(Extracted records)
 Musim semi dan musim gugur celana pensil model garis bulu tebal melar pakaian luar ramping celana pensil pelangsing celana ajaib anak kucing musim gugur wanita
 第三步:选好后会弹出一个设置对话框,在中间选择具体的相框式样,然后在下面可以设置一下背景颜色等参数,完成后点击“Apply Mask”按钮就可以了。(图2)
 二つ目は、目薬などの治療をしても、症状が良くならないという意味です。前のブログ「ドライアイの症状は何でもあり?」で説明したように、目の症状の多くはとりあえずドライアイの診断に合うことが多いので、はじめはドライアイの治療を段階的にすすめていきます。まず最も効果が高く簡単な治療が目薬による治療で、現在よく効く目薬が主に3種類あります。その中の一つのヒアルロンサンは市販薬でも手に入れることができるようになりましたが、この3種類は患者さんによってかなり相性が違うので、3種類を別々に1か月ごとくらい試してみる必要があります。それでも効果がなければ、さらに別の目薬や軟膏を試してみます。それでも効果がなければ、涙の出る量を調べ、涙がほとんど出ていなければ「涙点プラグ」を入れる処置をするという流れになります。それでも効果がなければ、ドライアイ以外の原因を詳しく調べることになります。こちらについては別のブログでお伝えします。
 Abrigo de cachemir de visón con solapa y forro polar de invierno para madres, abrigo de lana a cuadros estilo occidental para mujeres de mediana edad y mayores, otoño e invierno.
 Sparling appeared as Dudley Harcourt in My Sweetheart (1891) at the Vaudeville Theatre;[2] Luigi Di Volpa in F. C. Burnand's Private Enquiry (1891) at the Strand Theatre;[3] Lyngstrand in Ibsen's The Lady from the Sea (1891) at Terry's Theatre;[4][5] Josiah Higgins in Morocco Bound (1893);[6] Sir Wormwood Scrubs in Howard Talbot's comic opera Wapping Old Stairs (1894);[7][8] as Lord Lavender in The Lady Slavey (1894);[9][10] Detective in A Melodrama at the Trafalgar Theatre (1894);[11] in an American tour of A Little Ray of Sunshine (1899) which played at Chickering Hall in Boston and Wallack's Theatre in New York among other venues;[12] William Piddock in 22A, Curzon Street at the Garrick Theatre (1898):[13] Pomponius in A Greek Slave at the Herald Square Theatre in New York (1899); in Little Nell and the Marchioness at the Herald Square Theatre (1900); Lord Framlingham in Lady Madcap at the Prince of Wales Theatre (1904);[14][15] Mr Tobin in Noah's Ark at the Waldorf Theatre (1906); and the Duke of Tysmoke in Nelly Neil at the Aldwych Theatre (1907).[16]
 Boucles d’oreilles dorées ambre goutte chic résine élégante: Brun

ABOUT THIS TASK ▸ Restate the data verbatim through the "二つ目は、目薬などの治療をし" line.

RESPONSE TO THE TASK ▸
 Musim semi dan musim gugur celana pensil model garis bulu tebal melar pakaian luar ramping celana pensil pelangsing celana ajaib anak kucing musim gugur wanita
 第三步:选好后会弹出一个设置对话框,在中间选择具体的相框式样,然后在下面可以设置一下背景颜色等参数,完成后点击“Apply Mask”按钮就可以了。(图2)
 二つ目は、目薬などの治療をしても、症状が良くならないという意味です。前のブログ「ドライアイの症状は何でもあり?」で説明したように、目の症状の多くはとりあえずドライアイの診断に合うことが多いので、はじめはドライアイの治療を段階的にすすめていきます。まず最も効果が高く簡単な治療が目薬による治療で、現在よく効く目薬が主に3種類あります。その中の一つのヒアルロンサンは市販薬でも手に入れることができるようになりましたが、この3種類は患者さんによってかなり相性が違うので、3種類を別々に1か月ごとくらい試してみる必要があります。それでも効果がなければ、さらに別の目薬や軟膏を試してみます。それでも効果がなければ、涙の出る量を調べ、涙がほとんど出ていなければ「涙点プラグ」を入れる処置をするという流れになります。それでも効果がなければ、ドライアイ以外の原因を詳しく調べることになります。こちらについては別のブログでお伝えします。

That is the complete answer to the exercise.